- **RECORDS FOR THE EXERCISE**:
◆ ◆ ◆ ◆

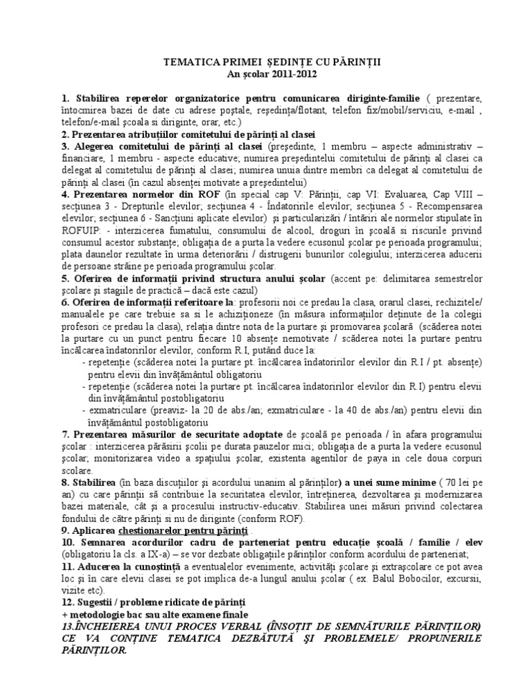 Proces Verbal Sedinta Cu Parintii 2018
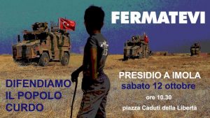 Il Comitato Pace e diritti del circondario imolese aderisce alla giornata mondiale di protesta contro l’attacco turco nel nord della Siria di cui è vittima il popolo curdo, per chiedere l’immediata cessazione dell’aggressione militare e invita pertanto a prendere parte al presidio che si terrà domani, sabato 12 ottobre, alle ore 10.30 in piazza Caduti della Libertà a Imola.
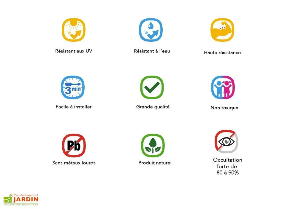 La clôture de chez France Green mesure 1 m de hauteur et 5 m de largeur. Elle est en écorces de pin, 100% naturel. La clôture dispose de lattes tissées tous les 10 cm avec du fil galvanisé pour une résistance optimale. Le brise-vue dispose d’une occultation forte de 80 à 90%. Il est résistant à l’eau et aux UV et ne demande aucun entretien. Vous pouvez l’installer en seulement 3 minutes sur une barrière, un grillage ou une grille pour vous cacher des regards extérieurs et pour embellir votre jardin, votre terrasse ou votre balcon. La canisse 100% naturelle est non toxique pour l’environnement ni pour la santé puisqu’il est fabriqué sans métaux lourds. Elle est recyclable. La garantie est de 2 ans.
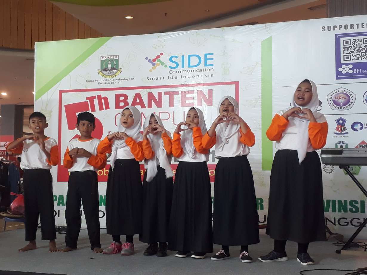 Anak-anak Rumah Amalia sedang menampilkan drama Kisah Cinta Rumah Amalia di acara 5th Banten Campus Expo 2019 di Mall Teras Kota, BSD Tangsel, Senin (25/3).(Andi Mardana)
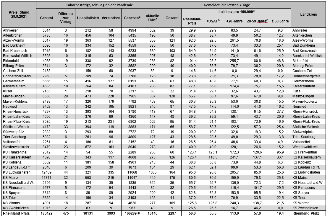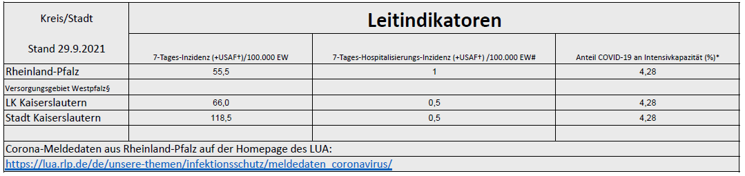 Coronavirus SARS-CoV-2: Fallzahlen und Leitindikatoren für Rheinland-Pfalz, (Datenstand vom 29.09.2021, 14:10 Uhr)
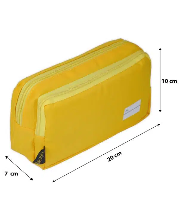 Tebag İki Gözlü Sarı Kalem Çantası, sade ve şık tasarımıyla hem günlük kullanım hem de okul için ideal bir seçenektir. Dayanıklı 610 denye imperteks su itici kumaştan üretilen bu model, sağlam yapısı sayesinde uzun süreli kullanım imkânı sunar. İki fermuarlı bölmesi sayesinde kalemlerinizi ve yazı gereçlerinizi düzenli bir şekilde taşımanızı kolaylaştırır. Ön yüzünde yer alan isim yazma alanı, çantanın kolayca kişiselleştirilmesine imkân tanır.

◆ ◆ ◆ ◆

- **REQUIREMENT**: Write the lines from the one containing "Anak-anak Rumah Amalia" through the end of the data above exactly as they appear, and do not carry over any picture.

- **RESPONSE TO THIS TASK**:
 Anak-anak Rumah Amalia sedang menampilkan drama Kisah Cinta Rumah Amalia di acara 5th Banten Campus Expo 2019 di Mall Teras Kota, BSD Tangsel, Senin (25/3).(Andi Mardana)
 Coronavirus SARS-CoV-2: Fallzahlen und Leitindikatoren für Rheinland-Pfalz, (Datenstand vom 29.09.2021, 14:10 Uhr)
 Tebag İki Gözlü Sarı Kalem Çantası, sade ve şık tasarımıyla hem günlük kullanım hem de okul için ideal bir seçenektir. Dayanıklı 610 denye imperteks su itici kumaştan üretilen bu model, sağlam yapısı sayesinde uzun süreli kullanım imkânı sunar. İki fermuarlı bölmesi sayesinde kalemlerinizi ve yazı gereçlerinizi düzenli bir şekilde taşımanızı kolaylaştırır. Ön yüzünde yer alan isim yazma alanı, çantanın kolayca kişiselleştirilmesine imkân tanır.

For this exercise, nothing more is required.